What makes a good game.

  • Thread starter Thread starter XDel
  • Start date Start date
  • Views Views 2,609
  • Replies Replies 35
Immersion in the game world, something that sucks you in and makes it feel like a real believable world.

A lot of developers/designers seem to mistake what difficulty actually is these days. Difficulty shouldn't mean that your forced to hide behind cover for 10 mins, stick your head up and take about 3 shots before every single enemy's fire is directed at you, hide behind cover again while your health regenerates, rinse an repeat. In the case of a fps anyway. You need to find a balance of challenging the player, while still providing fun and engaging gameplay.
 
I seem to have wandered into an EOF thread.

I will have to start with difficulty is a very nebulous term as many things can be tested (memory, logic/prediction, reactions, depending upon your opinion of psychometrics your personality.... and if you are going to throw a random element in there possibly "luck" as well). You already started down that path though so I will leave that for the time being.

Similarly there are times I will play games to the exclusion of everything else but I will usually sit there with a video on, audiobook on or otherwise (having to do support for something, chatting on IRC or something) and have a game of tetris going on to have something for my hands to do and in some cases lessen boredom. Tetris and things like it is about my limit here though and I have yet to find a way to play more demanding games and pay attention to a video at the same time and be able to recount the details of both.

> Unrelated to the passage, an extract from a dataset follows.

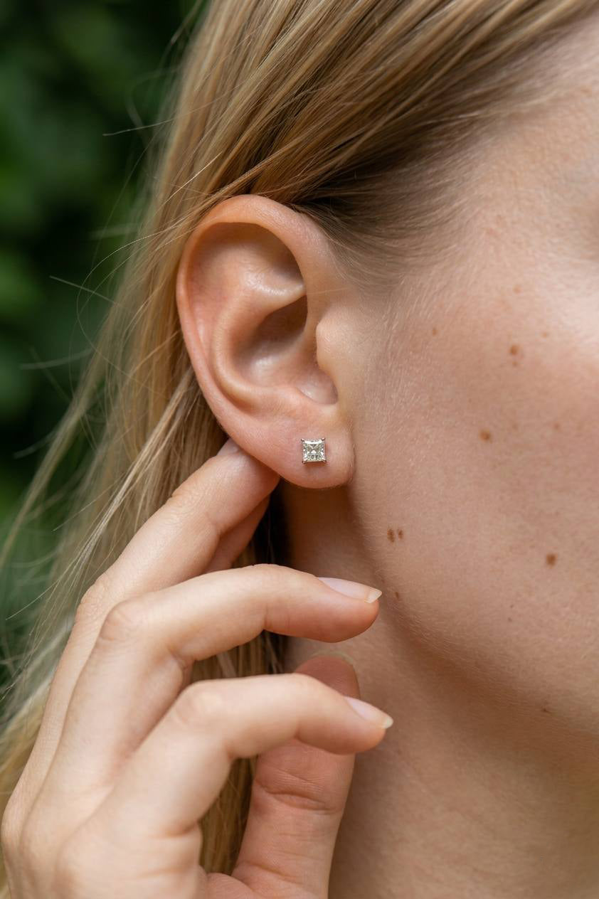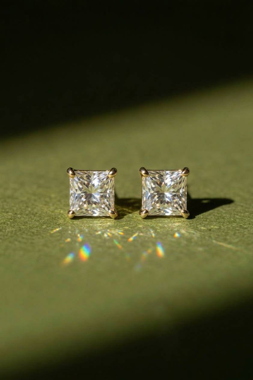 Золоті пусети з діамантом Принцеса

I suppose it is here I start pondering concepts like game theory, story design/language of story and more but there are precious few examples of that anywhere and those are the sorts of rules that work really well when you break them and I have not got to that stage in my pondering just yet (music is getting there though).
 
Good story, gameplay and soundtrack are key factors to making a good game. As for difficulty, it's good to have a wide range of difficulty settings to accommodate personal preferences. I like a challenge in a game, but not if it means constantly repeating the same levels 10+ times in order to beat them.
 
Music? are you kidding me?! put some dubstep in it. rofl


Now by Dubstep are you referring to the sound styles conceived by Richard D. James (Aphex Twin), cEvin Key, and other experimental (Industrial) musicians at the time, or are you talking that Skrillex kid who wasn't even in diapers when the sounds he claims he is credited with discovering were created.
And that's the sad thing, instruments now a days are built to create those sounds on the fly with a button or two. Back in the day one had to find them tweak the hardware immensely in order to produce such sounds.

Anyhow, back to the discussion at hand. :)
 
Now by Dubstep are you referring to the sound styles conceived by Richard D. James (Aphex Twin), cEvin Key, and other experimental (Industrial) musicians at the time, or are you talking that Skrillex kid who wasn't even in diapers when the sounds he claims he is credited with discovering were created.
And that's the sad thing, instruments now a days are built to create those sounds on the fly with a button or two. Back in the day one had to find them tweak the hardware immensely in order to produce such sounds.

Anyhow, back to the discussion at hand. :)

I have no idea, I'm not familiar with the personalities you mentioned.
 
I have no idea, I'm not familiar with the personalities you mentioned.

You might like them if you like Dubstep, granted, early industrial/ambient/experimental musick is quite a different ball game than what you are used to I'm sure, but if you listen long enough, you'll start to hear a lot of sound techniques used that have became common place in a lot of today's musick...

...though not always in a way I find please, but I'm a bit of a dime store musick historian, so I'm anal retentive that way. :)

This tack isn't terribly old, but it's from Aphex Twin (formed in 1985) who was a MAJOR influence on the whole scene they are now calling Dubstep.



 
Good pacing.

You know how some games have that "just one more level/mission/round/stage" effect, and before you know it it's 50 rounds later and it's morning? That makes a good game.
 
A good game is hard to define. Sometimes it's the excellent multiplayer for RTS (Red Alert 2, Starcraft), good story (Might and Magic 6&7), good gameplay (Uncharted, Portal, Fallout), new gameplay (FFXII) or perhaps intense story telling and music (Heavy Rain). Personally I have a load of different types of games on my consoles, but not a single genre dominates the lists. Of course the RPGs are the longest in terms of playtime, but that doesn't mean the other games are bad :P

Difficulty is a questionable matter for me and depends mostly on the type. If there is a game that is challenging, I'm ok with that. If the game is challenging because of bugs in the engine, I'll pass. Artificial difficulty is not a good thing, but a good challenge is nice (for example tougher enemies, less ammo/spells/hp, no respawns, etc).
 
Why hasn't anybody mentioned "free" :P

but, anyway, a good point is intuitive controls.
Also, I know a number of seemingly good games that I turned off the music and left the sound effects on and they suddenly sucked. I nice, catchy background music can do wonders for a game.